Фермер неторопливо обводит взглядом горизонт. Сначала он смотрит на восток, потому что только оттуда можно ожидать появления дождевых туч, а там сияет звезда Колос из созвездия Девы. Южнее его приветствует Южный Крест, привратник великого мира, верный спутник путешественников, питающих к нему суеверное пристрастие; выше, под мерцающим потоком Млечного Пути, горят Альфа и Бета Центавра. На юго-западе светят величественный Сириус и задумчивый Канопус, а к западу, над чуть заметной полосой холмов, искрится алмазный орнамент – Ригель, Бетельгейзе и Беллатрикс (звезды в созвездии Орион). Под конец фермер обращает свой взор на север, туда, куда каждому из нас предстоит рано или поздно удалиться, и лицезреет Большую Медведицу, вставшую здесь на голову – шутка, веселящая уроженца Севера.
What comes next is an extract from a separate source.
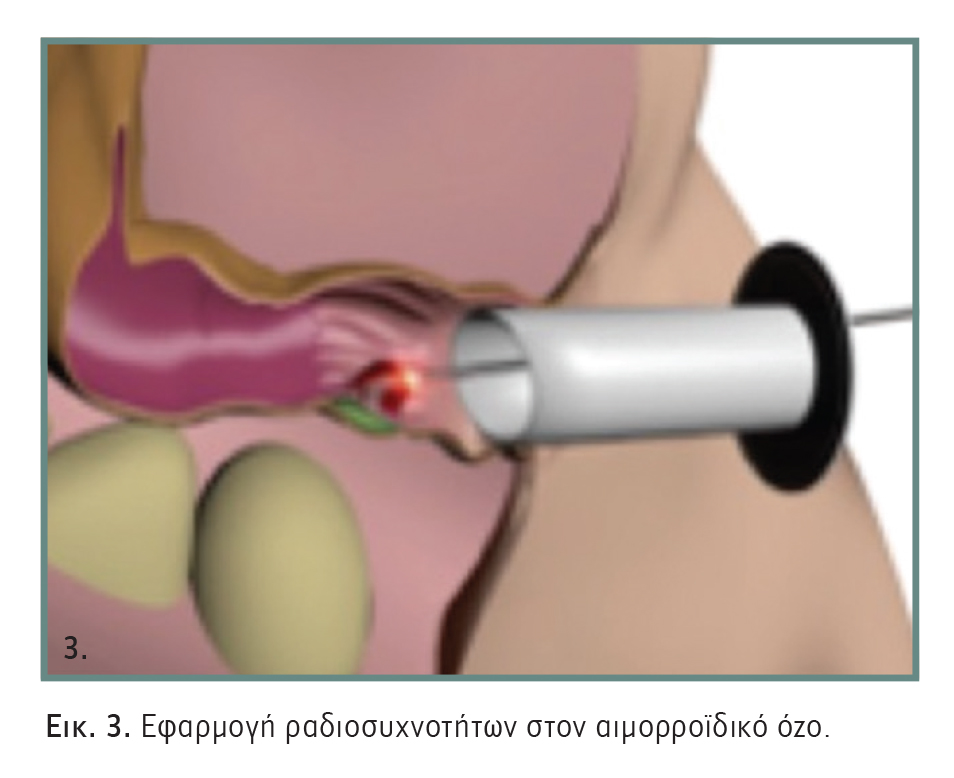 - Αιμορροϊδοπλαστικη με ραδιοσυχνότητες – Μέθοδος RAFAELO, όπου με τη χρήση ειδικών καθετήρων ραδιοσυχνοτήτων επιτυγχάνεται η συρρίκνωση και τελικά η εξαφάνιση των αιμορροΐδων, προστατεύοντας, όμως, τους γύρω ιστούς, καθώς χρησιμοποιούνται χαμηλότερες θερμοκρασίες σε σχέση με τη χρήση του laser. Η μέθοδος είναι απόλυτα ασφαλής, χωρίς μετεγχειρητικές επιπλοκές, ανώδυνη (μέθη ή τοπική αναισθησία) και πραγματοποιείται με παραμονή λίγων ωρών στην κλινική. Ο ασθενής εξέρχεται χωρίς πόνο και επιστρέφει άμεσα στις καθημερινές του δραστηριότητες (Εικόνες 2, 3).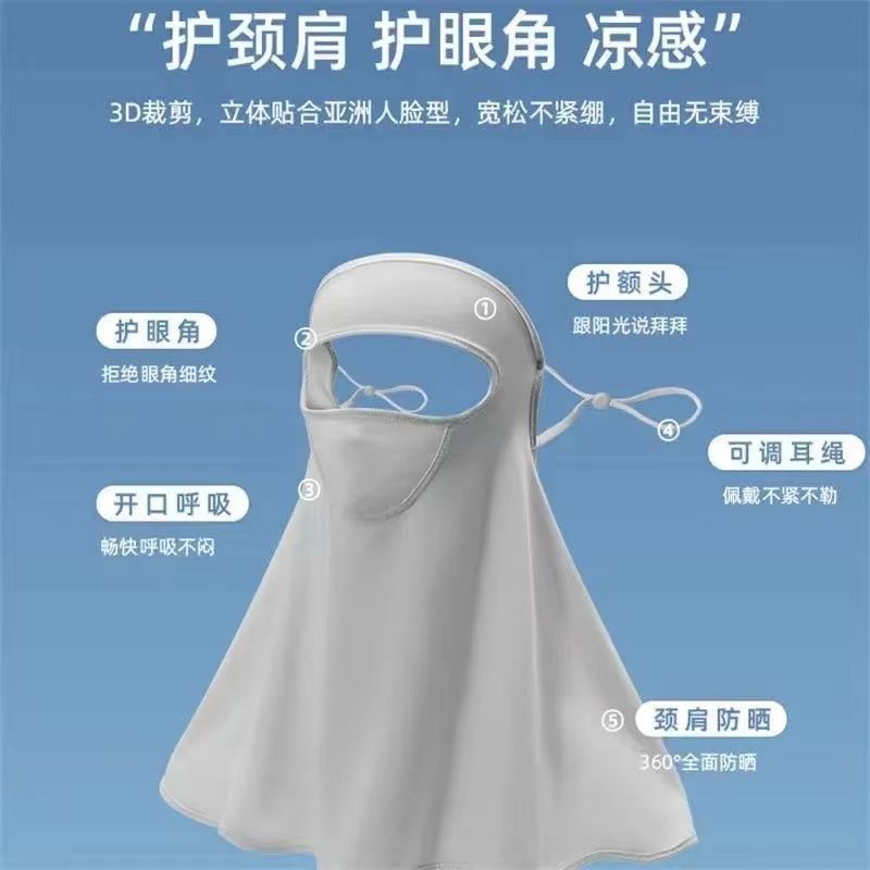 夏季防晒面罩女防紫外线全脸冰丝薄款透气遮阳脸罩护全脸眼角口罩

Людям, которых посещают по ночам сны, знакомо ни с чем не сравнимое счастье, которого лишен мир дневного света, экстаз и легкость на душе, сходные со вкусом меда на языке. Ведомо им и то, что объяснение восторга, который охватывает спящего, – это чувство ничем не ограниченной свободы, которое он познает во сне. Это не свобода диктатора, навязывающего миру свою волю, а свобода художника, не скованного ничем, даже волей. Удовольствие от счастливого сна зависит не от его содержания, а от того, что во сне все происходит без участия спящего. Над событиями своего сна он не властен.
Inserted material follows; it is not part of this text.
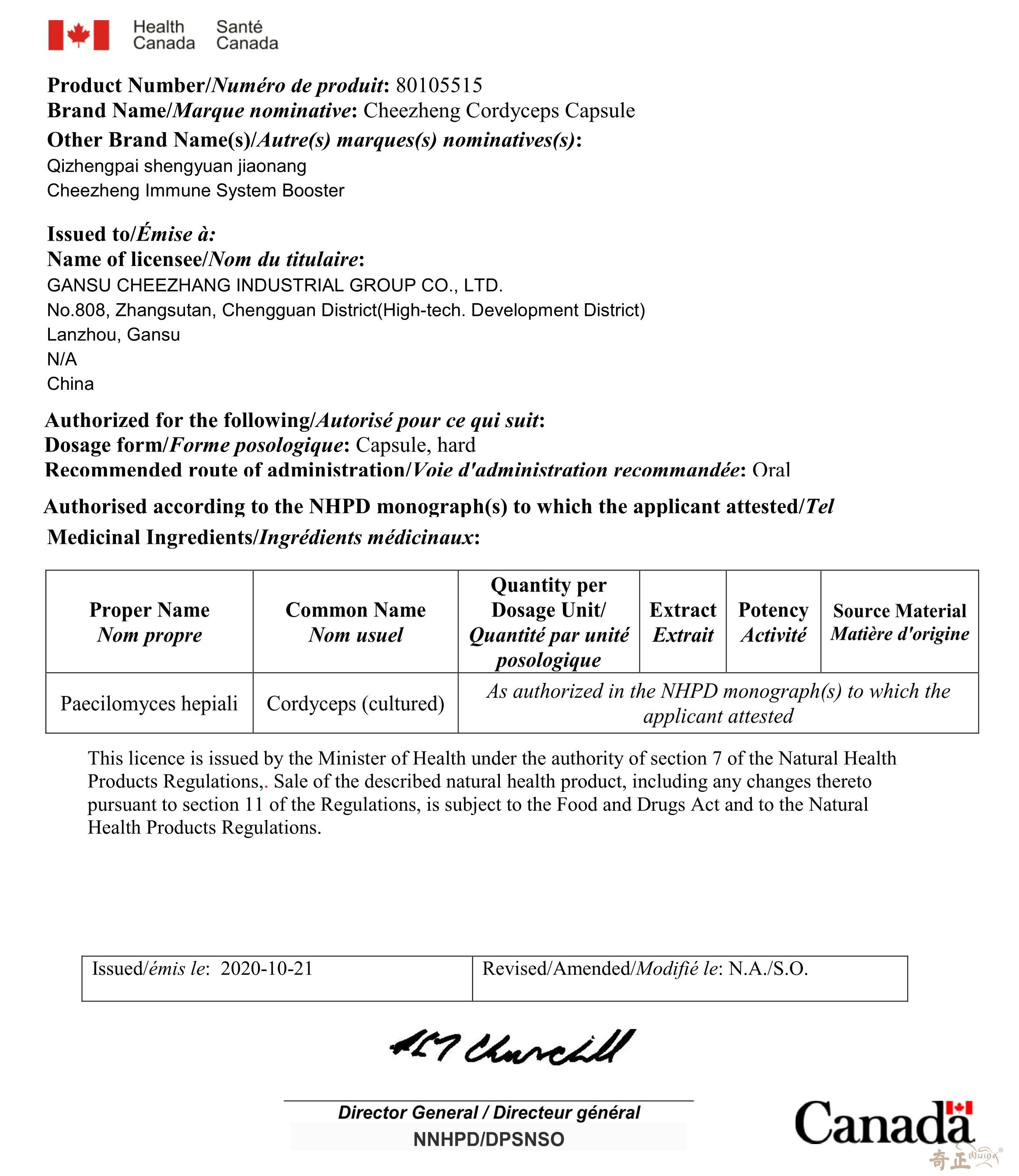 加拿大GMP證書(shū)-奇正牌圣元膠囊

Во сне возникают сами собой восхитительные ландшафты, умопомрачительные виды, густые и изящные оттенки, дома, дороги, о которых спящий и не слыхивал. Он лицезрит незнакомых людей, которые дружественны или враждебны ему, хотя он не имеет к ним ни малейшего отношения. Сны насыщены упоительными бегствами и погонями. Изречения всех персонажей проникнуты мудростью. Если удастся вспомнить все это при свете дня, то ночной восторг померкнет, потому что принадлежит иному миру; однако стоит баловню сновидений снова улечься, как он опять возносится и погружается в море восторга. Он купается в ощущении полной свободы, которая течет сквозь него, как воздух, как свет, как неземное дыхание.
Ему даровано великое счастье: без малейших усилий с его стороны он познает ни с чем не сравнимое удовольствие. Он участвует в великом сражении или танцует на грандиозном балу, причем сознает, что все это время даже не утруждает свои ноги необходимостью стоять, а просто возлежит. Чувство свободы пропадает тогда, когда в сознании сидит занозой какая-нибудь необходимость, спешка, забота: написать письмо, успеть к поезду, сделать важную работу. В этом случае спящий пускает коней своего сна галопом, спускает курки всех ружей – и сон начинает таять, превращается в кошмар, то есть в самое гадкое и вульгарное из всех возможных сновидений.
В мире бодрствования больше всего приближается к сновидению ночь без сна в большом городе, где никто ни с кем не знаком, и африканская ночь. Она тоже несет бесконечную свободу. Именно тогда все происходит: решаются судьбы, кипит жизнь, однако ты не имеешь ко всему этому ни малейшего отношения.
Сразу после заката африканский воздух наполняется летучими мышами, снующими так же бесшумно, как автомобиль по асфальту; в глазах сидящей на дороге хищной птицы отразится свет фар твоей машины, прежде чем она круто вспорхнет вверх прямо из-под колес. По дороге торопятся по своим нуждам мелкие грызуны, внезапно приседая или подпрыгивая, как миниатюрные кенгуру. В высокой траве поют свою нескончаемую песнь цикады, от богатства ароматов захватывает дух, а по небу скатываются, как слезы по щекам, падающие звезды. Ты – привилегированная персона, к которой обращено все происходящее, ты с гордо поднятой головой принимаешь царские дары.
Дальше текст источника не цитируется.